Provided information =
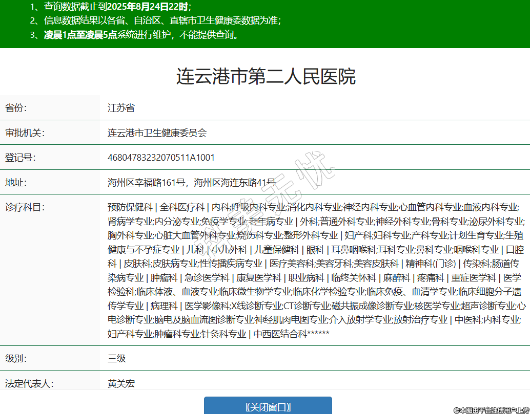 省份:江蘇省審批機(jī)關(guān):連云港市衛(wèi)生健康委員會(huì)登記號(hào):46804783232070511A1001地址:海州區(qū)幸福路161號(hào),海州區(qū)海連東路41號(hào)診療科目:預(yù)防保健科 | 全科醫(yī)療科 | 內(nèi)科;呼吸內(nèi)科專業(yè);消化內(nèi)科專業(yè);神經(jīng)內(nèi)科專業(yè);心血管內(nèi)科專業(yè);血液內(nèi)科專業(yè);腎病學(xué)專業(yè);內(nèi)分泌專業(yè);免疫學(xué)專業(yè);老年病專業(yè) | 外科;普通外科專業(yè);神經(jīng)外科專業(yè);骨科專業(yè);泌尿外科專業(yè);胸外科專業(yè);心臟大血管外科專業(yè);燒傷科專業(yè);整形外科專業(yè) | 婦產(chǎn)科;婦科專業(yè);產(chǎn)科專業(yè);計(jì)劃生育專業(yè);生殖健康與不孕癥專業(yè) | 兒科 | 小兒外科 | 兒童保健科 | 眼科 | 耳鼻咽喉科;耳科專業(yè);鼻科專業(yè);咽喉科專業(yè) | 口腔科 | 皮膚科;皮膚病專業(yè);性傳播疾病專業(yè) | 醫(yī)療美容科;美容牙科;美容皮膚科 | 精神科(門診) | 傳染科;腸道傳染病專業(yè) | 腫瘤科 | 急診醫(yī)學(xué)科 | 康復(fù)醫(yī)學(xué)科 | 職業(yè)病科 | 臨終關(guān)懷科 | 麻醉科 | 疼痛科 | 重癥醫(yī)學(xué)科 | 醫(yī)學(xué)檢驗(yàn)科;臨床體液、血液專業(yè);臨床微生物學(xué)專業(yè);臨床化學(xué)檢驗(yàn)專業(yè);臨床免疫、血清學(xué)專業(yè);臨床細(xì)胞分子遺傳學(xué)專業(yè) | 病理科 | 醫(yī)學(xué)影像科;X線診斷專業(yè);CT診斷專業(yè);磁共振成像診斷專業(yè);核醫(yī)學(xué)專業(yè);超聲診斷專業(yè);心電診斷專業(yè);腦電及腦血流圖診斷專業(yè);神經(jīng)肌肉電圖專業(yè);介入放射學(xué)專業(yè);放射治療專業(yè) | 中醫(yī)科;內(nèi)科專業(yè);婦產(chǎn)科專業(yè);腫瘤科專業(yè);針灸科專業(yè) | 中西醫(yī)結(jié)合科******級(jí)別:三級(jí)法定代表人:黃關(guān)宏主要負(fù)責(zé)人:黃宏志執(zhí)業(yè)許可證有效期:2022/01/18 -至- 2037/01/17 -
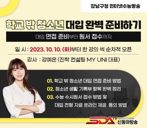[½Åµ¿¾Æ¹æ¼Û °­³²=À̽ŵ¿±âÀÚ]°­³²±¸°¡ ÀÎÅÍ³Ý ¼ö´É¹æ¼Û(°­³²Àΰ­)¿¡¼­ Çб³ ¹Û û¼Ò³âµéÀÇ ´ëÀÔ ¸éÁ¢ Áغñ¸¦ À§ÇÑ ¿Â¶óÀÎ ÀԽü³¸íȸ¸¦ 10ÀÏ~12ÀÏ °³ÃÖÇÑ´Ù.
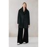The Elsa features a large shawl collar with hidden closure, angled welt pockets, and box pleat back detail. Crafted from a wool blend and fully lined, it offers straight fit elegance for chilly days.
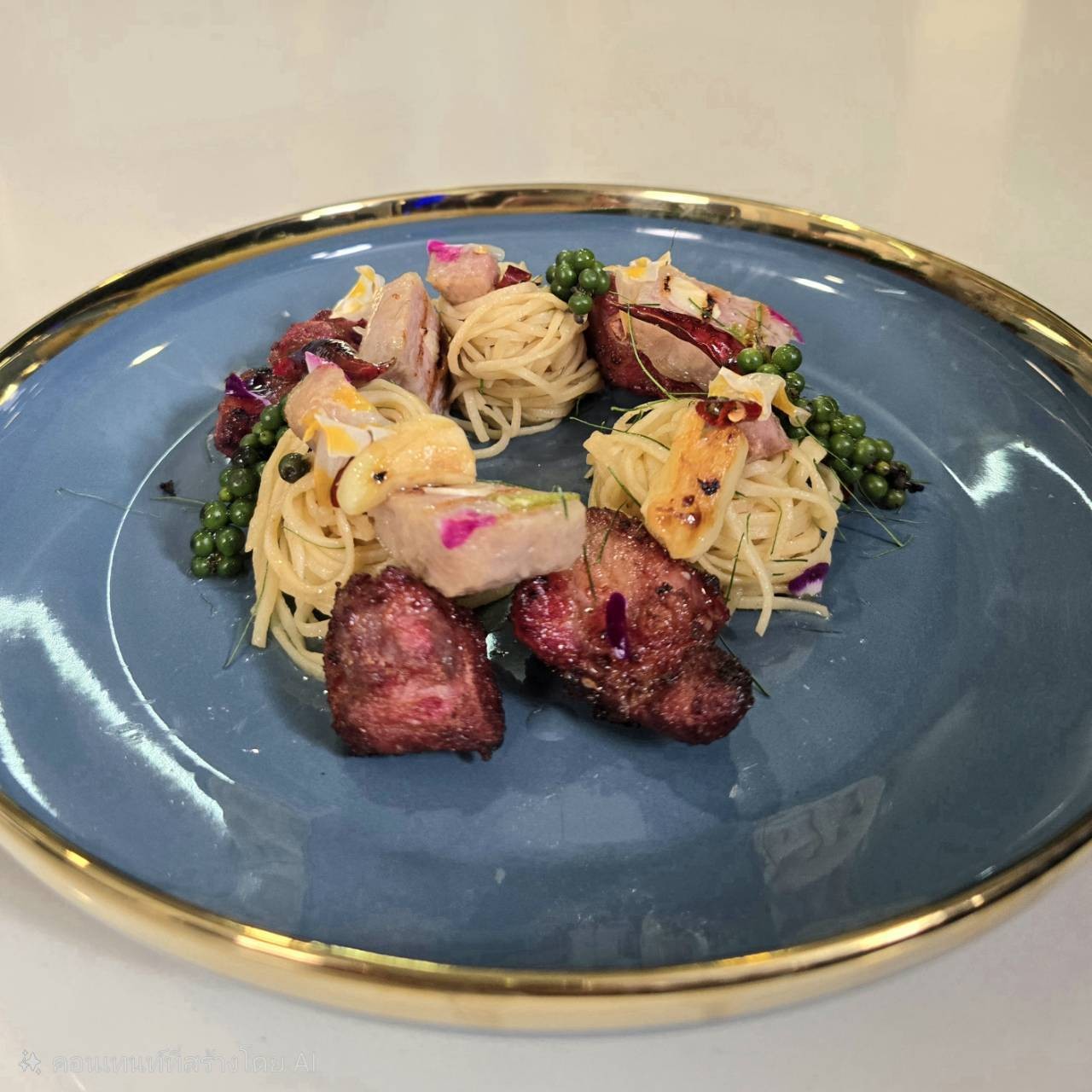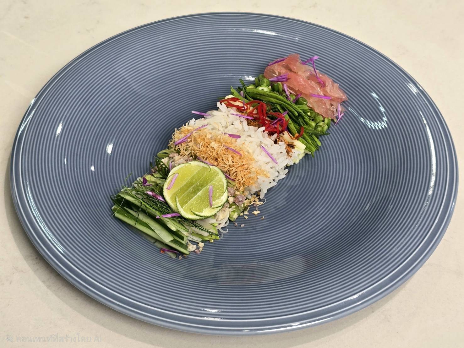 · “ข้าวยำปักษ์ใต้สมุนไพร” เมนูนี้คัดเลือกวัตถุดิบคุณภาพจากหลายภูมิภาค เริ่มตั้งแต่ ข้าวหอมมะลิตราไปรฯ ตัวท็อปจากสุรินทร์ ที่หอมกรุ่น ส้มโอทับทิมสยาม ตัวท็อปจังหวัดนครศรีธรรมราช กุ้งเสียบสมุนไพร ตัวท็อปจังหวัดกระบี่ และสะตอข้าว ตัวท็อปจังหวัดตรัง ที่ให้ความกรอบและรสขมเล็กๆ ตัดกับความหวานของ ข้าวแต๋น ตัวท็อปจังหวัดสุพรรณบุรี ที่นำมาปรับเป็นส่วนผสมให้เพิ่มเทกซ์เจอร์สนุกในแต่ละคำ การปรุงข้าวยำเริ่มด้วยการซอยสมุนไพรสด ๆ อย่างใบมะกรูด ตะไคร้ และผักชี จากนั้นคลุกเคล้ากับข้าวหอมมะลิ กุ้งเสียบ และข้าวแต๋น เติมน้ำบูดูที่ปรุงรสแบบเปรี้ยว-หวาน-เค็มให้ครบเครื่อง ก่อนโรยส้มโอและสะตอเพื่อเพิ่มความหอมและความสดชื่น ทำให้ทุกคำเต็มไปด้วยรสชาติสมุนไพรแท้ต้นตำรับ
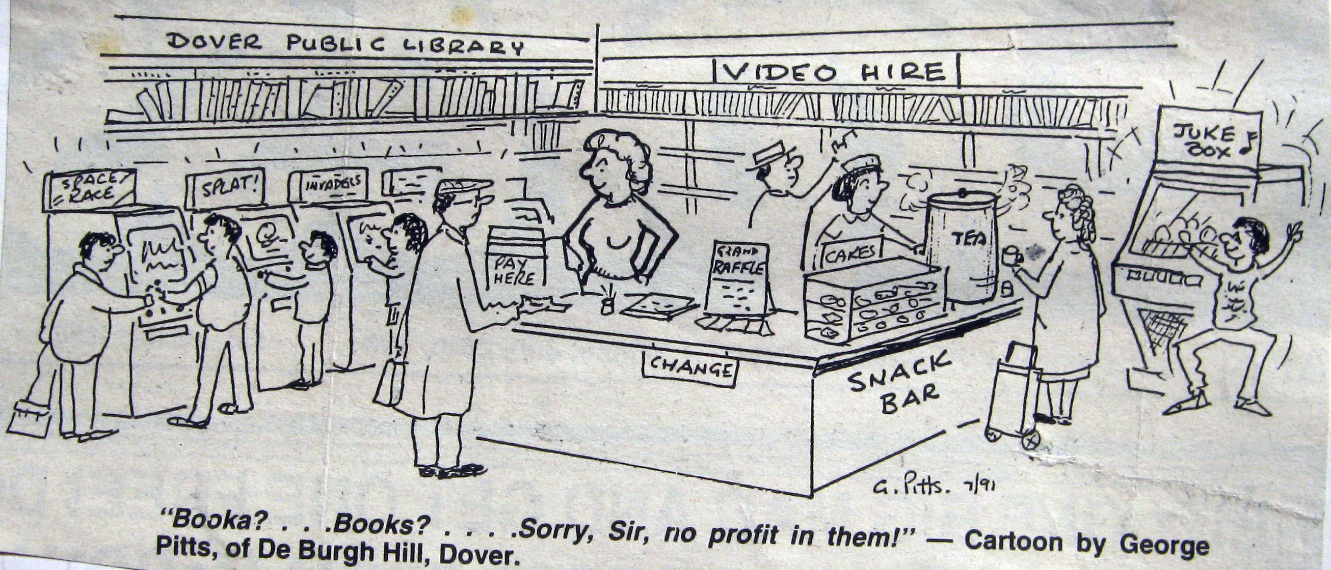 Group librarian, Tony Ricketts suddenly died in August 1988 and Gavin Wright was appointed. He held a post-degree diploma in Librarianship and had worked at Dover library for five years. November 1988 saw the 25th anniversary of the opening of the junior library and it was reported that during that time 1,500,000 books had been borrowed. Over 2,000 children from 14 Dover schools attended the celebrations. Two years later, schoolchildren along with old age pensioners lost the ‘no fines’ concession for overdue books but it was agreed that librarians could use their discretion.
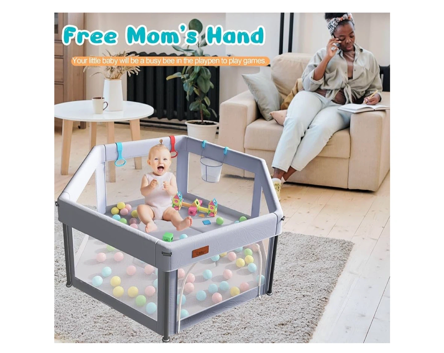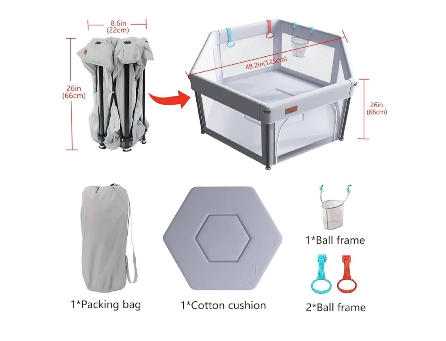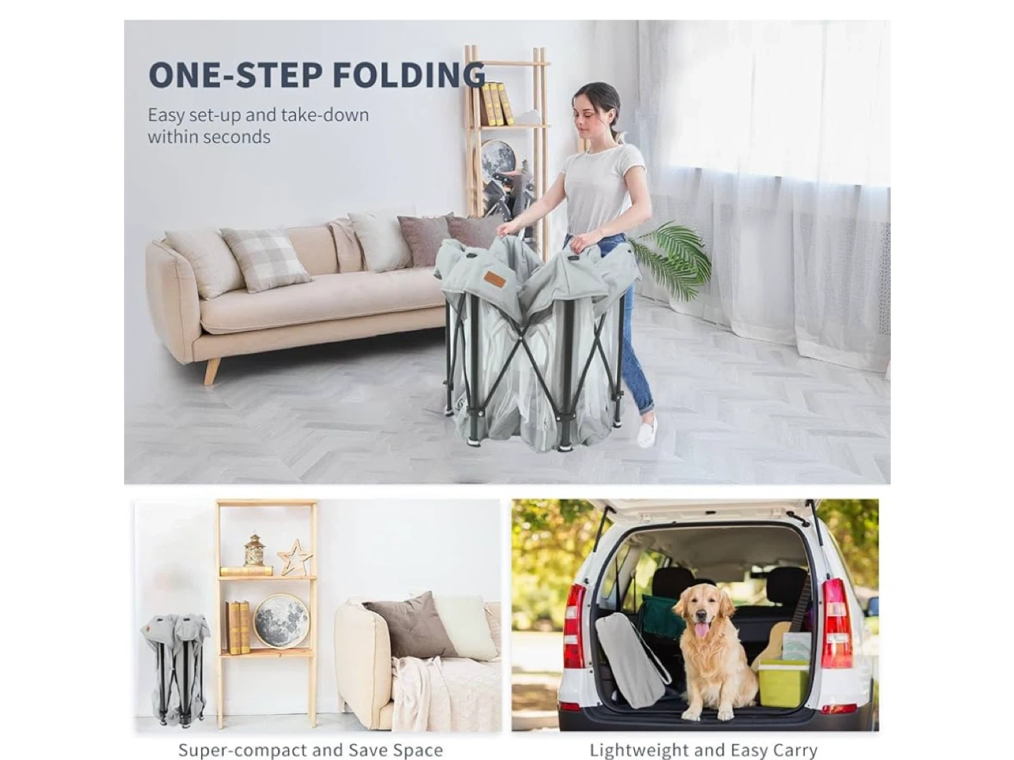 This foldable baby playpen is perfect for keeping your little one safe and entertained! It features a one-step folding design for easy set-up and take-down, and it's super-compact for saving space. It also comes with:
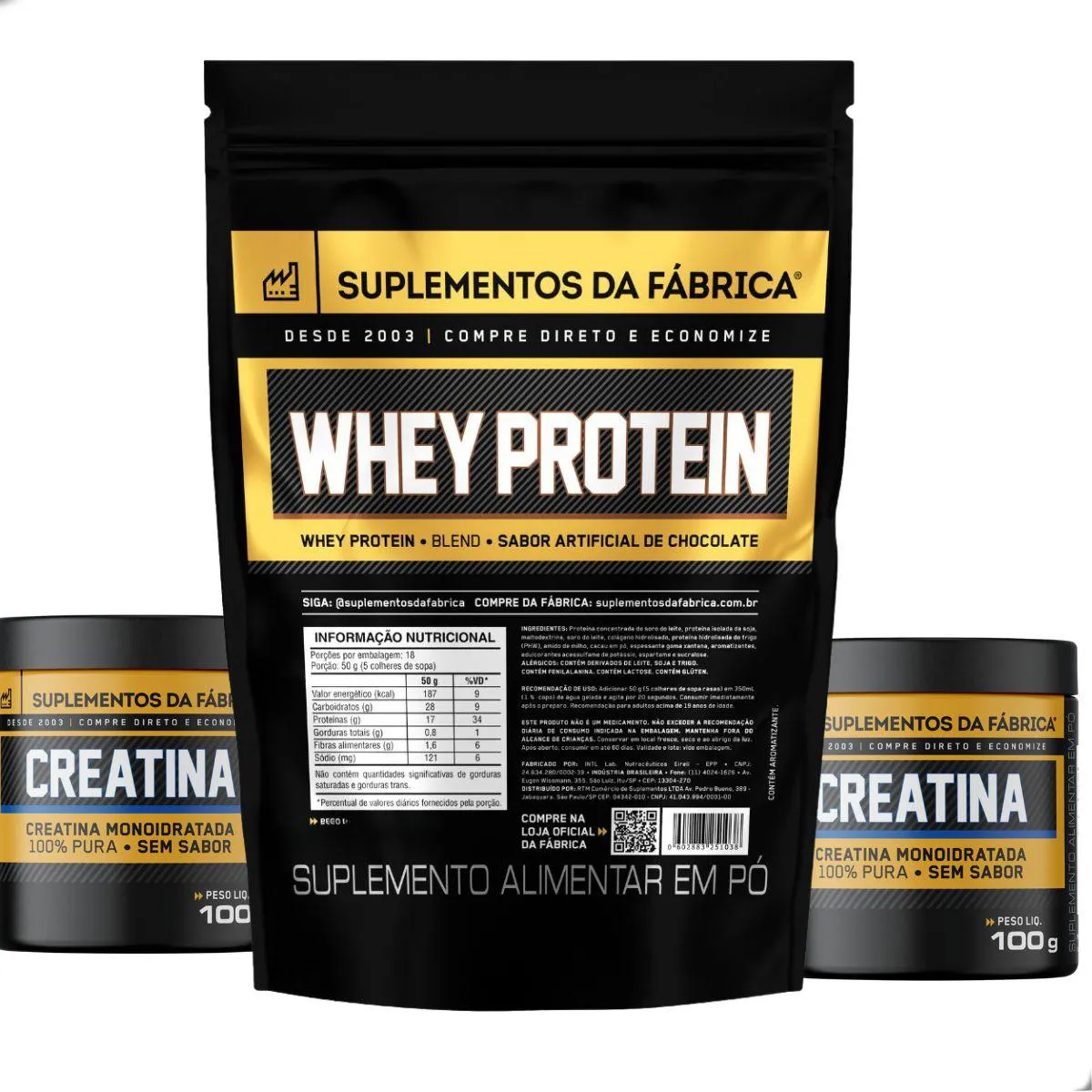 O Kit Whey ISO Blend 2Kg + 2 creatina 100g Suplementos da Fábrica foi desenvolvido para quem busca praticidade, economia e suplementos produzidos com matéria-prima importada. O Whey ISO Blend reúne proteína concentrada e isolada, trazendo peptídeos naturalmente presentes no soro do leite, enquanto as duas unidades de Creatina 100g oferecem uma solução direta, pura e fácil de integrar à rotina. É um combo pensado para consumidores que valorizam qualidade real sem pagar por intermediários ou embalagens exageradas.
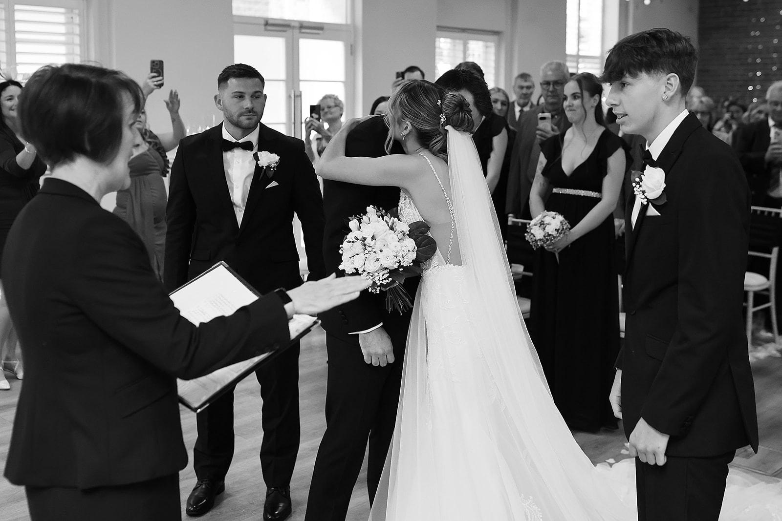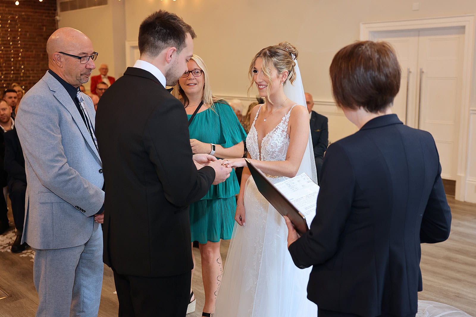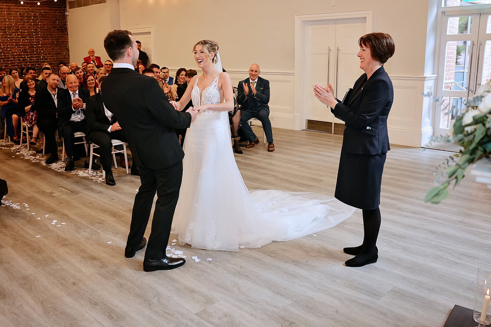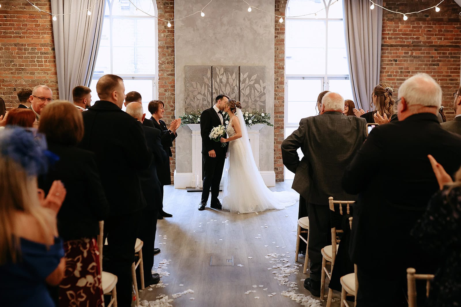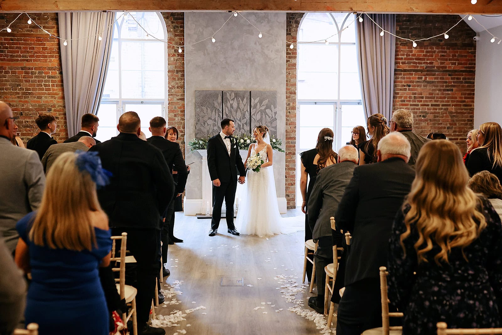 The ceremony took place in the beautifully light-filled Gallery space. As Katie walked down the aisle, the room fell into that quiet, emotional stillness that says everything about the moment. The rings had been placed under two unsuspecting guests chairs who became unexpected ring bearers.

To do = Set the pictures aside and reproduce exactly the lines above, from the line holding "[½Åµ¿¾Æ¹æ¼Û °­³²=À̽ŵ¿±âÀÚ]°­³²±¸°¡ ÀÎÅÍ³Ý" through the line holding "The Elsa features", both included, with nothing else.

Response area =
[½Åµ¿¾Æ¹æ¼Û °­³²=À̽ŵ¿±âÀÚ]°­³²±¸°¡ ÀÎÅÍ³Ý ¼ö´É¹æ¼Û(°­³²Àΰ­)¿¡¼­ Çб³ ¹Û û¼Ò³âµéÀÇ ´ëÀÔ ¸éÁ¢ Áغñ¸¦ À§ÇÑ ¿Â¶óÀÎ ÀԽü³¸íȸ¸¦ 10ÀÏ~12ÀÏ °³ÃÖÇÑ´Ù.
The Elsa features a large shawl collar with hidden closure, angled welt pockets, and box pleat back detail. Crafted from a wool blend and fully lined, it offers straight fit elegance for chilly days.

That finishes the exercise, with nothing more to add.